Logo JawaPos
Author avatar - Image
Selasa, 3 Desember 2024 | 02.23 WIB

Hidup dengan Tenang, 8 Cara Ini Ampuh untuk Mengenali Teman Palsu di Sekitar Anda: Pilih Berhenti atau Melanjutkan Hubungan?

Ilustrasi cara ampuh mengenali teman palsu di sekitar Anda. Freepik - Image

Ilustrasi cara ampuh mengenali teman palsu di sekitar Anda. Freepik

JawaPos.com - Persahabatan adalah hal yang indah untuk dijalani, tetapi tidak terhadap teman palsu dan penipu.
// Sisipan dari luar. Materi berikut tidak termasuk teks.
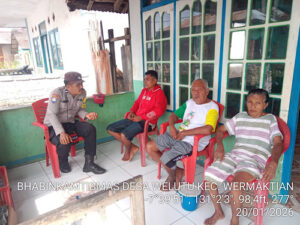 Tribratanews.polrestanimbar.com – Polda Maluku, Kepolisian Resor Kepulauan Tanimbar, Dalam upaya menjaga stabilitas keamanan dan ketertiban Masyarakat (Kamtibmas), Bhabinkamtibmas Desa Welutu, Aipda D. RUMLAWANG melaksanakan kegiatan sambang dialogis ke Warga binaan di Desa Welutu, Kecamatan Wermaktian, Kabupaten Kepulauan Tanimbar pada, Selasa (20/01/26).

Sederhananya, seorang teman sejati ada untukmu melewati berbagai tantangan yang ada di depan.

Sementara teman palsu, suka bermain peran seolah menari perhatianmu. Namun sebenarnya, mereka tidak terlalu tertarik pada Anda.
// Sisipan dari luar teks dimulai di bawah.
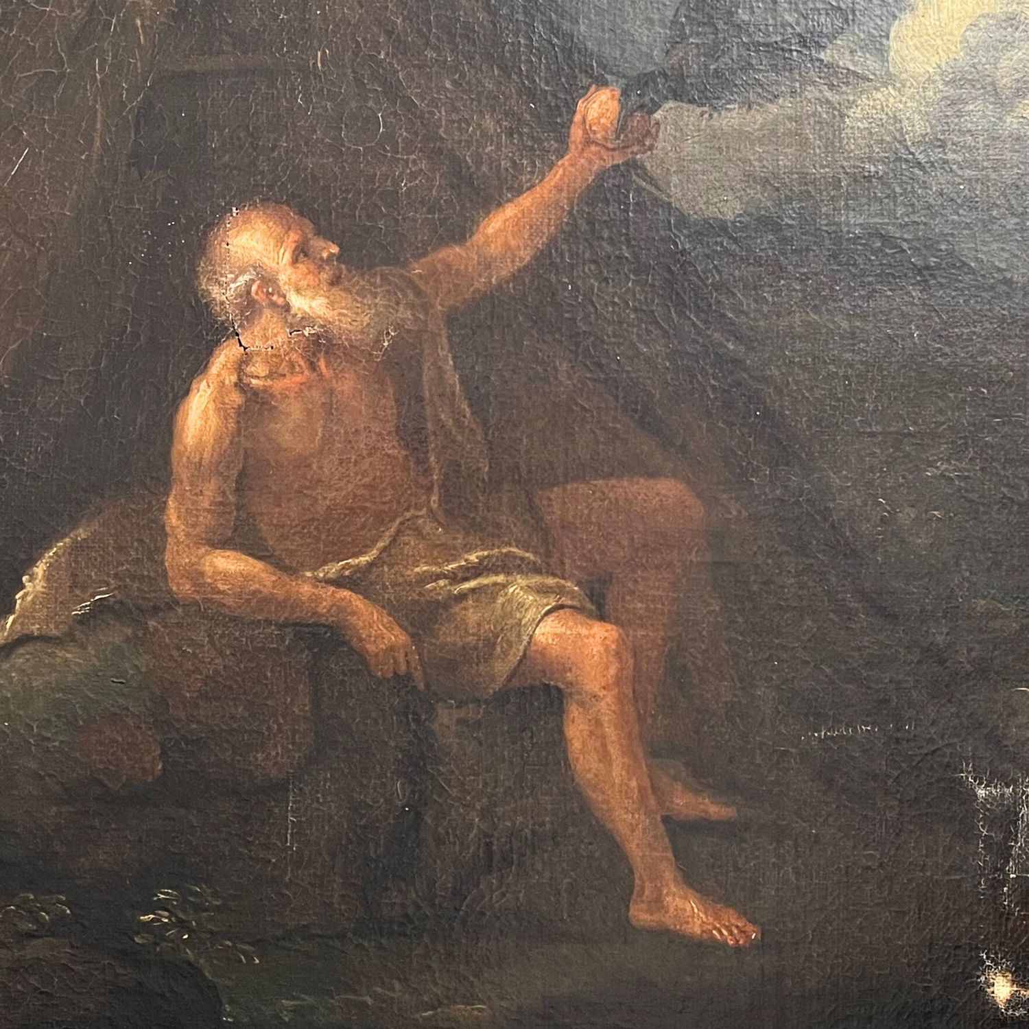 Dipinto di ampia spazialità, nonostante le dimensioni contenute, sviluppato in orizzontale in cui l’elemento religioso non è il solo protagonista; la natura rappresentata in primo piano, con un gioco do luci e di ombre molto netti, colpisce per la precisione e il realismo con cui è stato rappresentata. La scena rappresenta un episodio della vita di San Paolo di Tebe, considerato primo eremita della storia della religione. Paolo di Tebe, per sfuggire alle persecuzioni contro i Cristiani, trovò rifugio in una grotta nelle cui vicinanze si trovava una sorgente d'acqua e un albero di palma. Da quest’ ultima traeva le foglie che intrecciava per farne stuoie oltre al suo abito e i datteri con cui si nutrì fino all'età di circa 43 anni, quando un corvo cominciò a portargli ogni giorno un mezzo pane. Il dipinto può essere considerato appartenente alla scuola emiliana di prima metà del XVIII secolo.

Dikutip dari Geediting pada Senin (2/12), persahabatan sejatinya adalah tentang keseimbangan kedua belah pihak. Semisal ketika Anda memberi dan menerima hingga berbagi dan peduli.

Lantas, bagaimana cara terbaik untuk mengenali teman sejati dan palsu di sekitar Anda? Apakah Anda bisa terlepas dari mereka? Simak penjelasannya!

1. Menghilang di Saat Anda Membutuhkan

Ketika Anda mengalami masa-masa sulit, teman sejati adalah orang-orang yang muncul.

Mereka ada di sana untuk mendengarkan, menawarkan melalui kata-kata yang menghibur atau hanya duduk bersama Anda serta diam.

Di sisi lain, teman palsu sering menghilang ketika Anda sangat membutuhkannya. Mereka mungkin membuat alasan, mengubah topik pembicaraan atau hanya tidak menanggapi panggilan serta pesan Anda.

Jadi jika teman Anda secara konsisten tidak hadir di saat Anda membutuhkan, itu adalah indikasi yang jelas bahwa mereka mungkin tidak setulus yang Anda pikirkan.

2. Mereka Bersikap Kompetitif Saat Bersama

Sedikit kompetisi yang bersahabat dapat membawa kegembiraan pada persahabatan. Tetapi ketika itu menjadi sesuatu yang berlebih, hal itu tidak baik.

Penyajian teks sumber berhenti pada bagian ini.